Question

Pls, help me with this math question

Answer 1

Answer:

Perimeter $\sqrt{26}+\sqrt{5}+\sqrt{10}+\sqrt{17}$ units.  Area 12 square units.

Step-by-step explanation:

Perimeter: total distance around the figure.

Distance Formula:  the distance between points $\left(x_1,y_1\right) \text{ and } \left(x_2,y_2\right)$ is

$d=\sqrt{\left(x_2-x_1\right)^2+\left(y_2-y_1\right)^2}$

$AB=\sqrt{(6-1)^2+(2-1)^2}=\sqrt{25+1}=\sqrt{26}$

$BC=\sqrt{(5-6)^2+(4-2)^2}=\sqrt{1+4}=\sqrt{5}$$CD=\sqrt{(2-5)^2+(5-4)^2}=\sqrt{9+1}=\sqrt{10}$$DA=\sqrt{(1-2)^2+(1-5)^2}=\sqrt{1+16}=\sqrt{17}$

The perimeter is the sum of all those segment lengths.

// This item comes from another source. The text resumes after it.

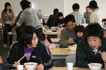 昼食はお母さんがた特製の「けんちんうどん」でした。 美味しかったです。 どうもご馳走様でした。 |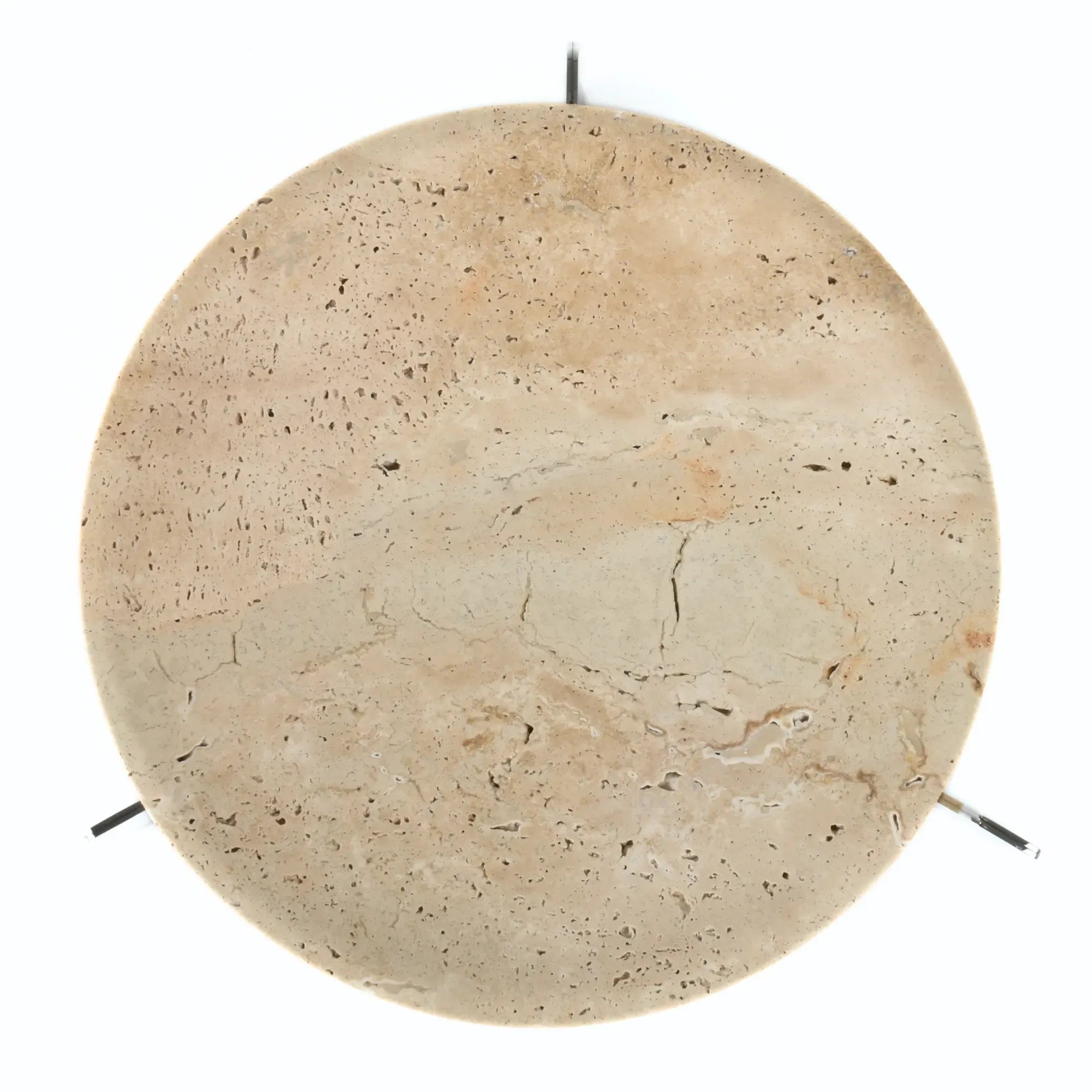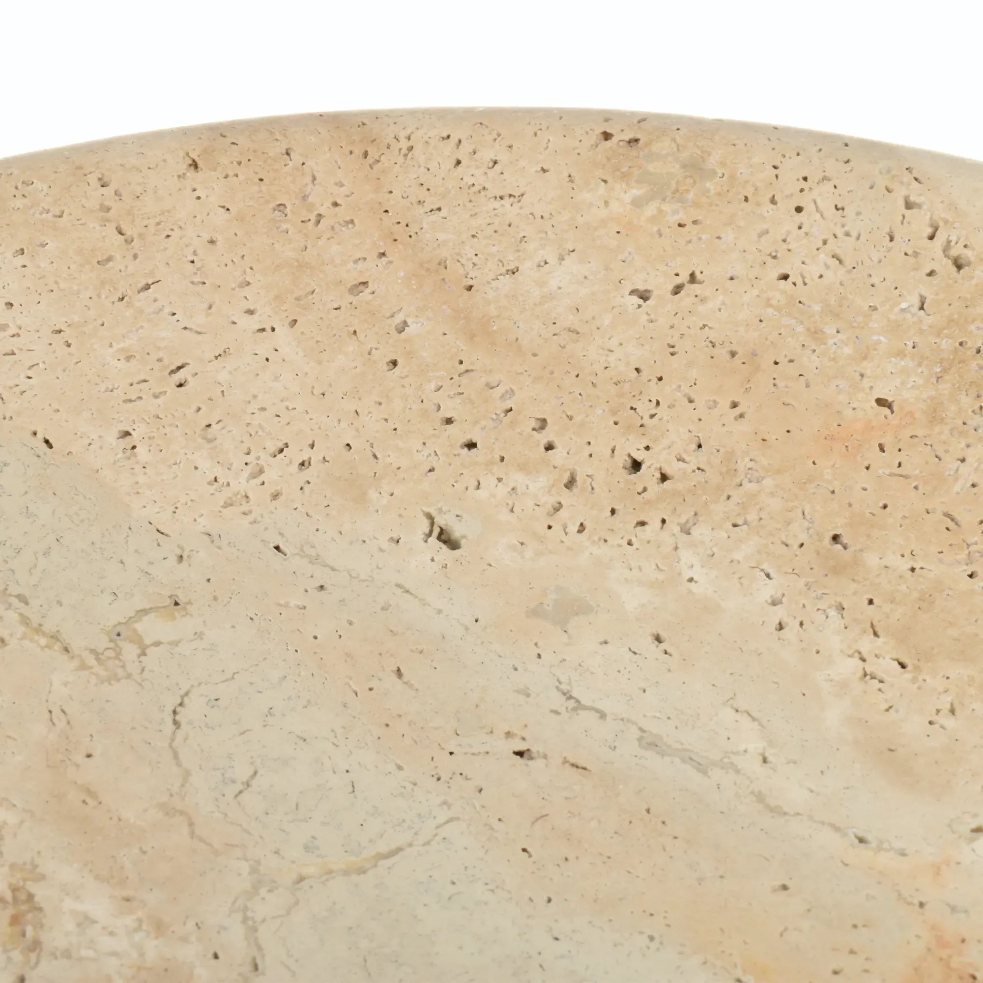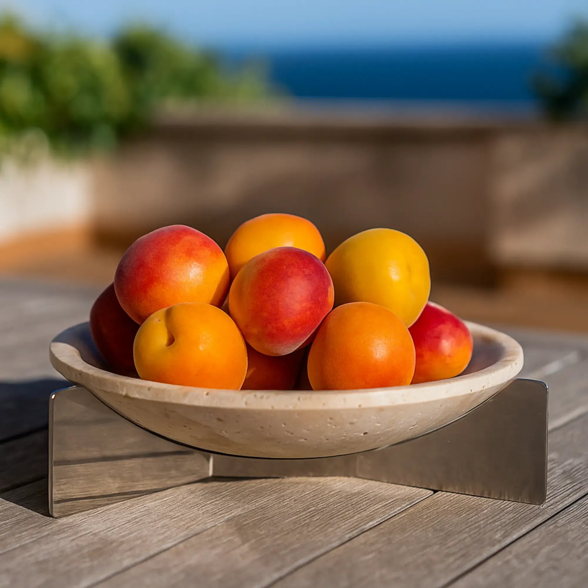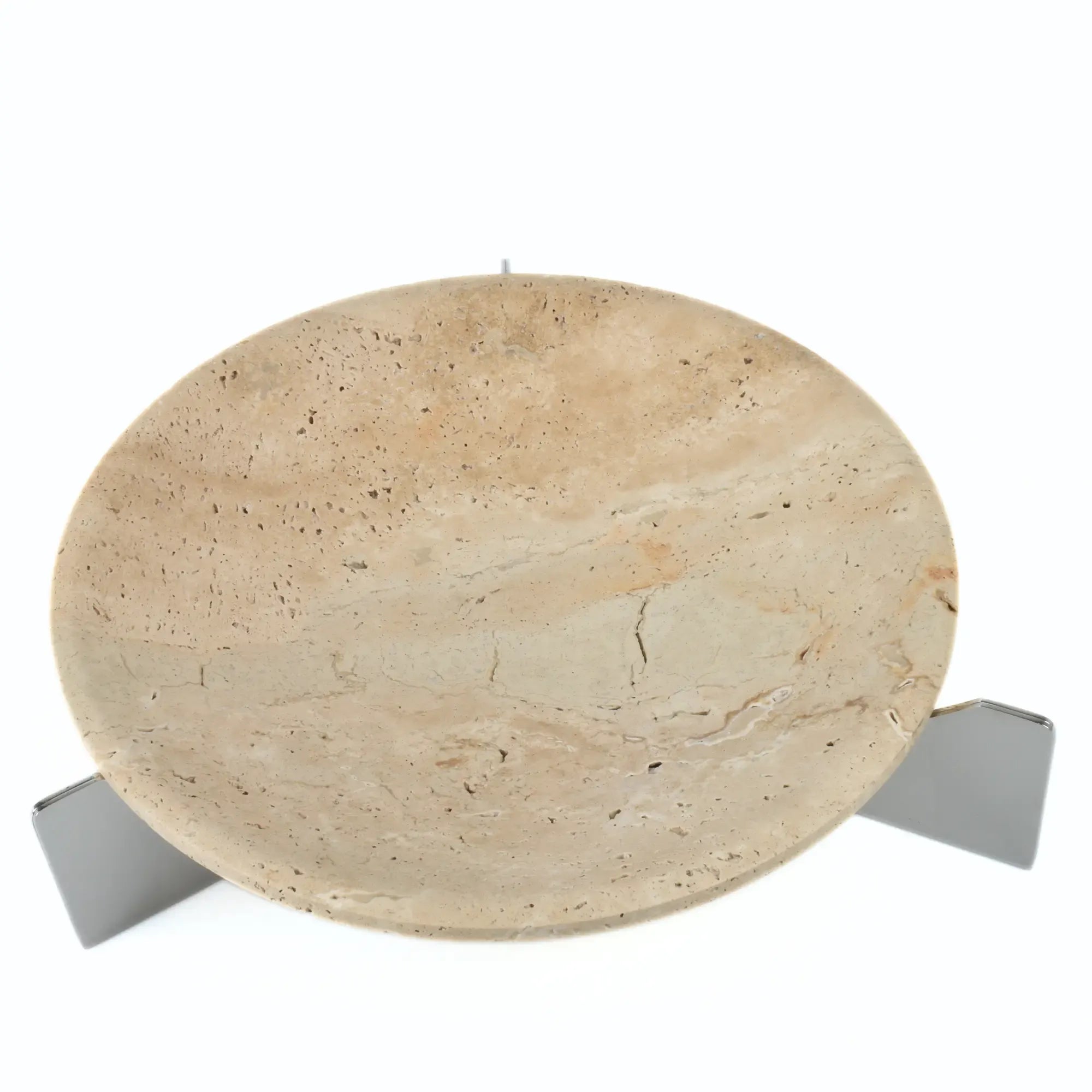 Handgefertigte Schale aus sandfarbenem Travertin mit feiner Naturstruktur, kombiniert mit einer gebürsteten Edelstahlbasis für moderne Eleganz und Stabilität.

One way to find the area of the figure is to surround it with a rectangle, insert some lines so that the areas you do not want can be found and subtracted from the rectangle's area.  (See attached image.)

The area of the large rectangle around the figure is 5 x 4 = 20 square units.

The triangles have areas 1/2 (base) (height):

A. (1/2)(1)(4) = 2 square units

B. (1/2)(3)(1) = 1.5 square units

D. (1/2)(1)(2) = 1 square unit

E. (1/2)(5)(1) = 2.5 square units

Square C.  (1)(1) = 1 square unit

Total of all the area you don't want to include:

2 + 1.5 + 1 + 2.5 + 1 = 8 square units

Subtract 8 from the surrounding rectangle's area of 20, and you get the area of the figure is 20 - 8 = 12 square units.